Bastou aos nativos de Nova Iorque Artificial Brain o lançamento do disco de estreia Labyrinth Constellation para que estes se tornassem referência imediata para quem procurasse não só o melhor que a grande maçã tem para oferecer, como também para designar uma das mais interessantes propostas a surgir desta nova vaga de death metal experimental. Para os mais desapegados, o ponto forte da banda passa por fundir dissonâncias extraterrestres em grandes distensões de black metal numa proficiência de death. Com a chegada do seu segundo contributo, Infrared Horizon, a moldura sonora da banda expandiu-se para o uso/abuso de melodias, sintetizadores e progressões capazes de abrir caminhos astrais. A tonalidade e procissão que por si só já era distópica e interplanetária permanece, mas de forma ainda mais expressiva, sendo esse, sem sombra de dúvida, o ponto forte do grupo.
Infelizmente para os nova-iorquinos, o ritmo de concertos tem sido inconstante. São poucas as digressões, algumas as mudanças de alinhamento e muitos os projetos paralelos. Com isto, o grupo dificilmente se deixa expandir além do seu estado e continente – não sendo isso motivo para desvalorizar o trabalho que têm vindo a desenvolver até aqui. Mesmo que a sensação de pouco ou nenhum reconhecimento seja predominante, há que deixar a música falar por si. Cinco anos depois do seu último disco, os Artificial Brain anunciam a chegada do seu novo auto-intitulado contributo – uma reafirmação visionária que serve para fechar um ciclo: a despedida do vocalista Big Will, e também o fecho da trilogia estelar. Tendo em conta o tempo de espera e a antecipação com os breves teases ao vivo e em estúdio, é seguro dizer que a demora valeu a pena.
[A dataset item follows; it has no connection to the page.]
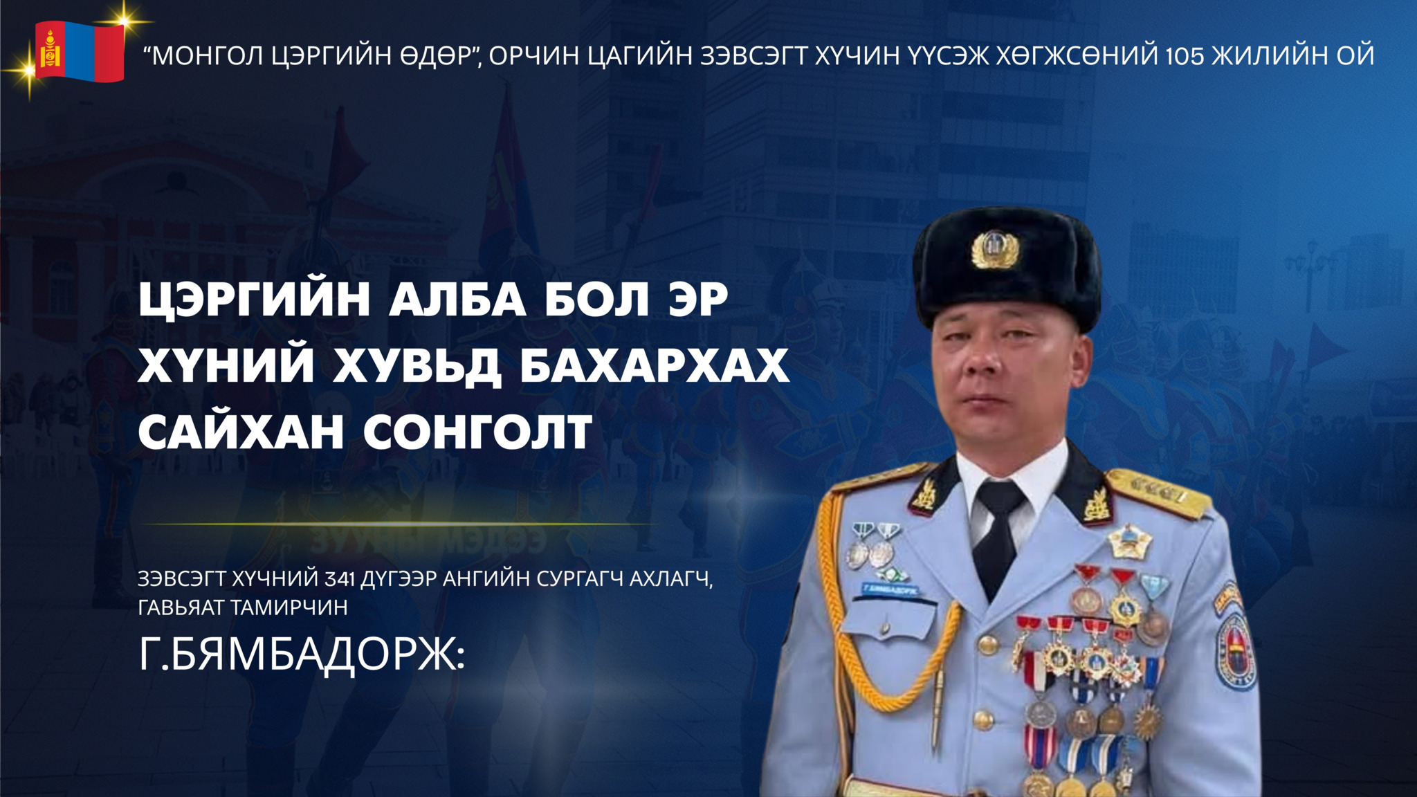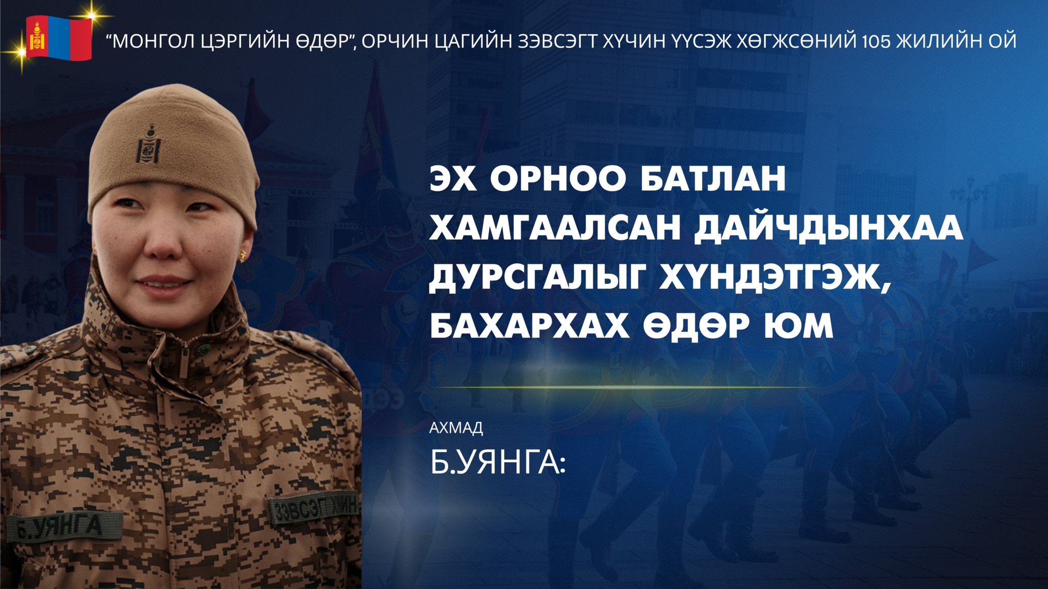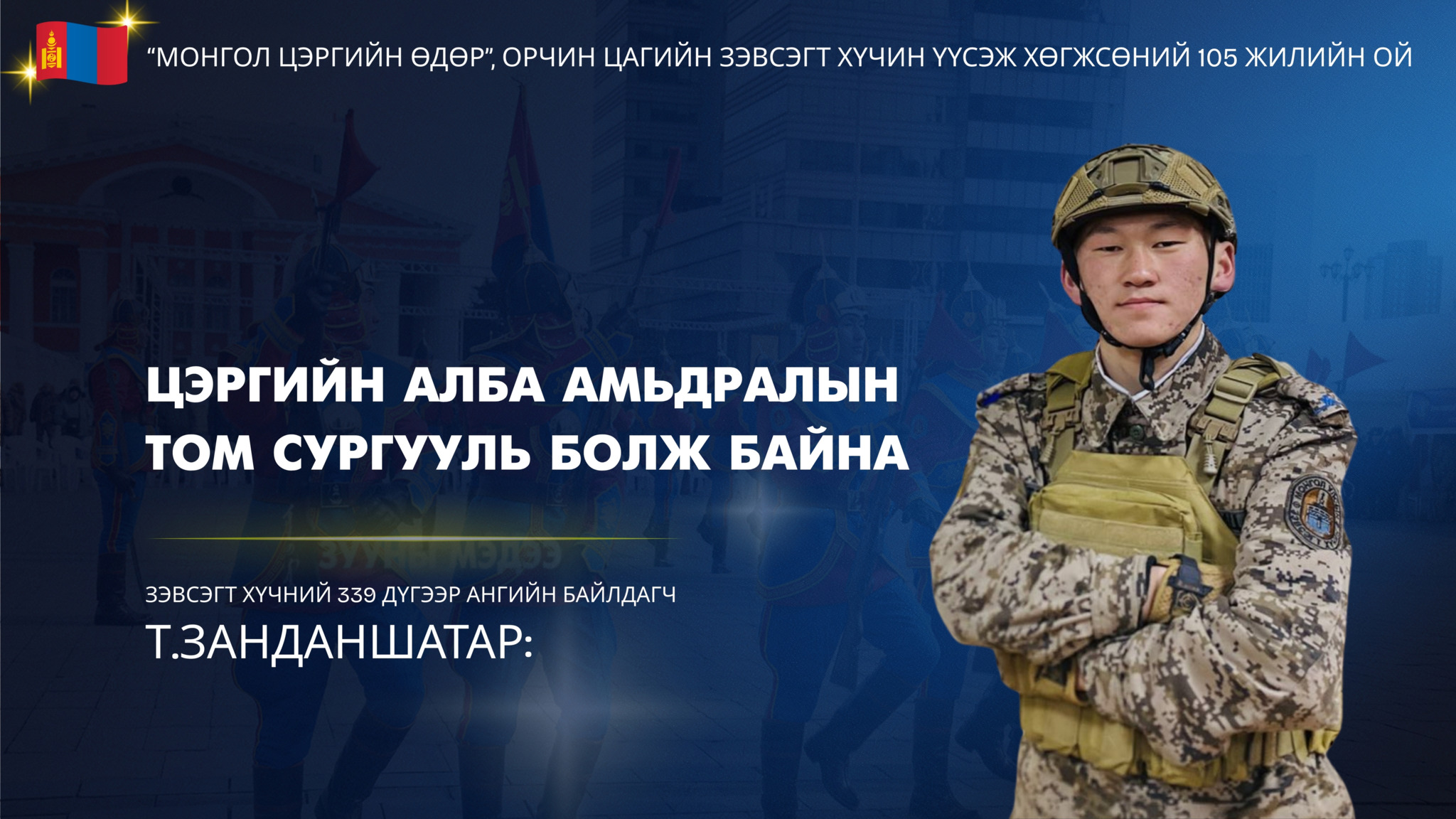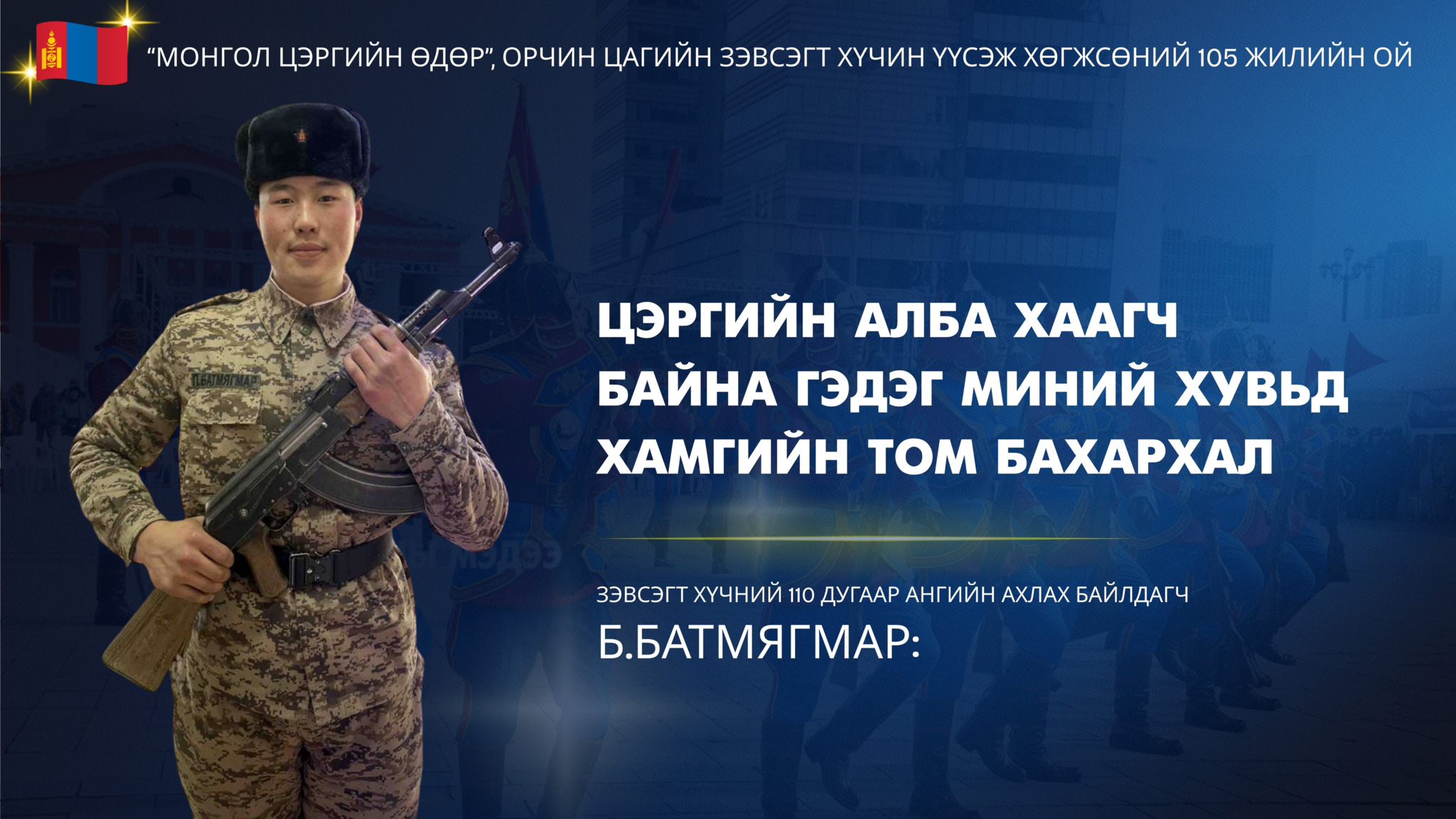 -Миний бие 2025 оны хоёрдугаар ээлжээр Хөвсгөл аймгийн Цагаан-Уул сумаас хошууч генерал Д.Бавуу агсны нэрэмжит Цэргийн гавьяаны одонт Зэвсэгт хүчний 110 дугаар ангид татагдан ирж албаа нэр төртэй хааж байна. Энэ түүхэн өдөр Монгол Улсын Зэвсэгт хүчний 105 жилийн ойн баярын мэндийг нийт ахлагч, офицер, цэргийн алба хаагчдадаа өргөн дэвшүүлье. Цэргийн алба хаагч байна гэдэг миний хувьд хамгийн том бахархал. Эх орныхоо тусгаар тогтнол, аюулгүй байдлыг сахин хамгаалах ариун үүргийг нэр төртэй биелүүлж яваа цэргийн алба хаагч байна гэдэг миний хувьд хамгийн том бахархал юм. Энэ өгүүлбэрээр асуултад хариулсан гэж бодож байна. Би хугацаат цэргийн албыг хааж байх хугацаандаа сахилга бат, хамтын ажиллагаа, бие бялдрын болон сэтгэл зүйн тэсвэр хатуужлыг сурч, өөрийгөө олон талаар хөгжүүлж байна.

As guitarras são, sem dúvida nenhuma, a força gravítica central que revolve as marés nas duas primeiras faixas “Artificial Brain” e “Glitch Cannon”. Não fosse a secção de drone/noise que separa uma da outra, bem que podiam ser sangue do mesmo corpo. Mesmo com cada uma no seu compasso, ambas destoam a primeira escalada de caos ainda por filtrar. Ressoam-se variações de melodia e cor a infiltrar despercebidamente a moldura da bateria e baixo, enquanto o gutural de Big Will contrasta e contrabalança na maior das suas deformidades antinaturais as atmosferas em colapso. No que toca à espinha dorsal de black metal, “Tome of The Exiled Engineer” é a faixa que melhor emprega a sonoridade familiar de Nova Iorque. Quase perfeitamente confundível com Liturgy ou Krallice, com as guitarras em tremolo e a bateria sincopada, a maré de cor e textura acaba por contrastar em força com o baixo saliente que mais à frente eleva o slam a recair como planetas a colidir. Por falar em baixo, há que salientar o output absurdo que o baixista Samuel Smith tem tido, contando até agora com uma tour-de-force na guitarra com The Ailing Facade dos Aeviterne e a impecável entrega no baixo com Luminous Vault em Animate The Emptiness.
As duas mais extensas presenças na tracklist, “Cryogenic Dreamworld” e o fecho “Last Words of the Wobbling Sun” são autênticas proezas de composição e montagem. Tão complexas como a estrutura de uma estrela e tão violentamente imponentes como o espaço para o corpo humano, nenhuma das duas recua na sua expansão e presença. O mesmo pode e deve ser dito, salientado e ainda reforçado quanto ao opus do disco “Celestial Cyst”, uma faixa que começa com um tilintar de cordas encharcadas em resina, e que permanece num midtempo de pedal duplo e de camadas de guitarras dispostas como uma constelação nebulosa. É aqui que a banda atinge a sua gravidade zero, com um refrão a levitar de forma intoxicante e extremamente memorável, momento somente rivalizado pela genial intervenção do mítico Mike Browning de Nocturnus AD – com direito a uma tarola tão apertada que mais parece uma panela de cozinha. Êxtase!
Esta é uma banda que já não precisa de provar nada, nadinha. Se nenhum dos discos anteriores vos convenceu do talento, visão e génio do grupo, sobram algumas dúvidas de que este possa ser o vosso ponto de entrada aos astros, mas a verdade é que a trilogia está agora finalmente fechada. E talvez seja essa a vossa derradeira missão: viver a saga de início ao fim, sem interrupções, como uma odisseia no espaço, de uma ponta da galáxia até ao fim do universo.